Слова «модный дом» ударили Гийома в самое сердце. Он тут же вспомнил, что его, так сказать, супруга графиня Дюбарри начинала-то как раз с модного дома. Оттуда, благодаря своей красоте, она отправилась завоевывать территории, значительно более обширные и богатые. Там, собственно говоря, и обнаружил ее Жан-Батист, обнаружил только затем, чтобы вытащить из грязи и заставить сиять на небосводе Версаля.

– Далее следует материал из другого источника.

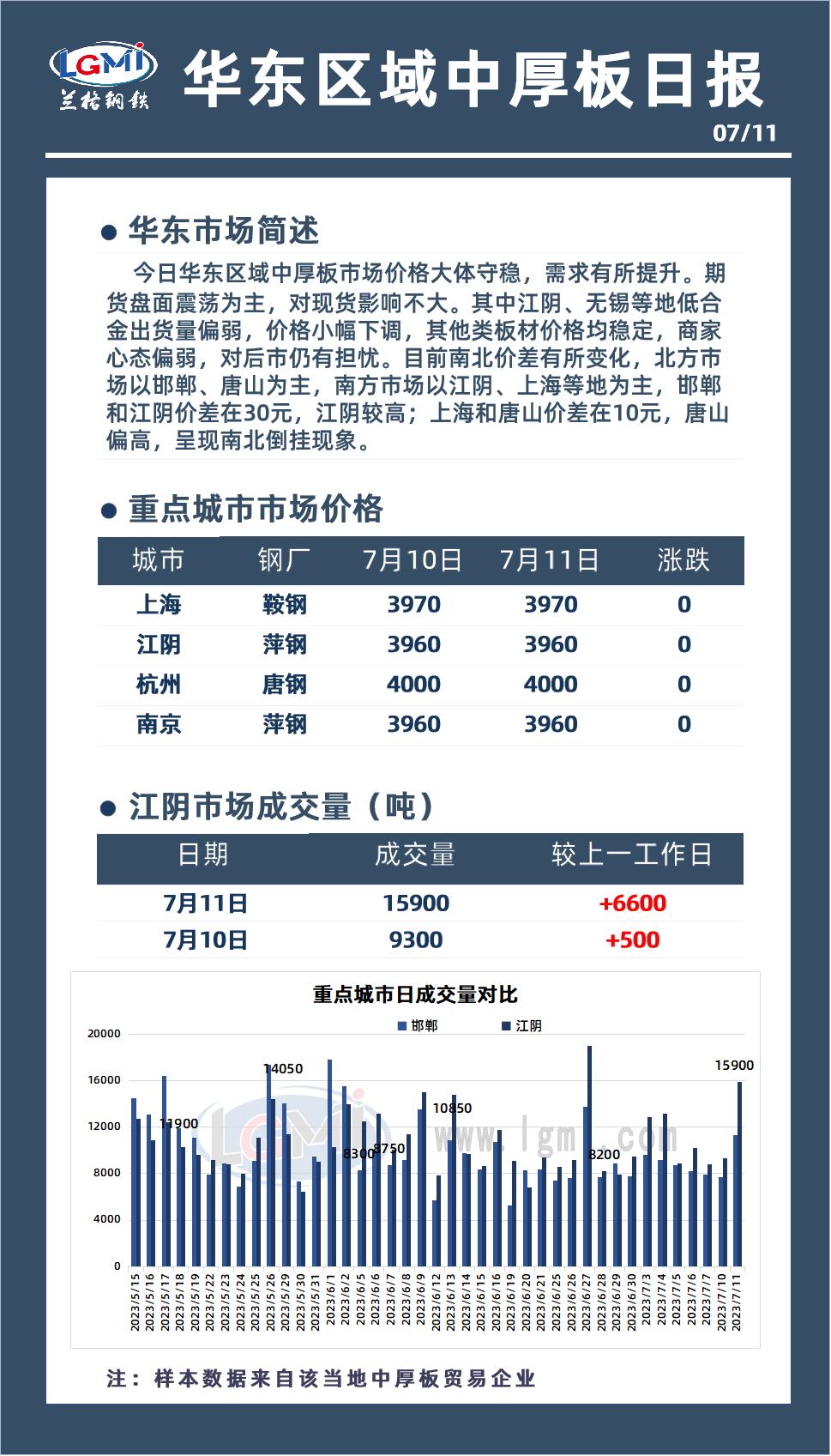 华东区域中厚板价格稳定 重点区域交易稍有好转

Чем больше Гийом смотрел на Мадлен, тем сильнее стучало его сердце: она казалась ему все обворожительнее. И тем чудеснее ему представлялось то обстоятельство, что при подобной красоте она оставалась еще вполне добродетельной. Ни один знатный сеньор пока не обнаружил этот драгоценный бриллиант. Мысль о том, на какую опасную тропу ей предстоит вступить по желанию сестры, казалась ему невыносимой. Приняв позу, исполненную достоинства, напыжившись, как только мог, он заявил:

– Вы оскорбляете меня, мадам, предполагая, что я способен позволить юной особе, принадлежащей к моей семье, отдаться на волю каких-то торговцев модой! Место моей кузины… равно как и ваше, – подле меня, в моем доме!

– Но, дорогой кузен, – слабо запротестовала мадам Дион, в душе чрезвычайно довольная тем, какой оборот принимали события, – что же нам здесь делать? Мы ведь станем только досаждать вам своим присутствием, ляжем тяжким грузом на плечи!

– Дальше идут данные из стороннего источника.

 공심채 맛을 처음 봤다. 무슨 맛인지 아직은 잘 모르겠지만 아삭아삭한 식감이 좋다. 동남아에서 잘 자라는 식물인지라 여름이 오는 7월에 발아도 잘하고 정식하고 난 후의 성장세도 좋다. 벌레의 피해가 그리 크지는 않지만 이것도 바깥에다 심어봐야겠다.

– Вы доставите мне огромное удовольствие, – любезно отпарировал он. – А кроме того, вы сможете вести хозяйство куда лучше, чем это могу делать я сам. Дом без женщины – весьма печальное зрелище…

Поскольку речь зашла о том, чтобы оказать родственнику услугу, дамы легко позволили себя убедить. В тот же вечер они вновь пересекли Бургундскую улицу – на этот раз, чтобы водвориться в доме кузена вместе со своим, прямо скажем, довольно скудным багажом. Гийом ликовал, сразу же позабыв и о своем фиктивном браке, и о недостойной супруге, и о злобе, и о горечи… Если Мадлен захочет полюбить его, пусть даже совсем немножко, он проведет всю свою жизнь, благословляя Пройдоху, который силой вытащил его из провинции в Париж…

Мадлен захотела. Невероятно, но любовь прошла по дорожке, проложенной алчной и корыстолюбивой женщиной. И в то время как Гийом, с первого же взгляда без памяти влюбившийся в девушку, только и мечтал, что о взаимности, та чем больше вглядывалась в мужа королевской фаворитки, тем привлекательнее его находила. Она согласилась участвовать в заранее рассчитанном предприятии сестры лишь под угрозой и по принуждению, но теперь нисколько не жалела об этом. Любовь поймала девушку в свои сети, и любовь эта только возрастала по мере того, как возрастала благодарность, которую она испытывала к Гийому за ту спокойную, удобную и уютную жизнь, которую он им с сестрой обеспечил… Короче говоря, не прошло и месяца с тех пор, как Мадлен поселилась в доме графа Дюбарри, а красавица уже предоставила своему благодетелю самые что ни на есть неопровержимые доказательства нежности и привязанности к нему.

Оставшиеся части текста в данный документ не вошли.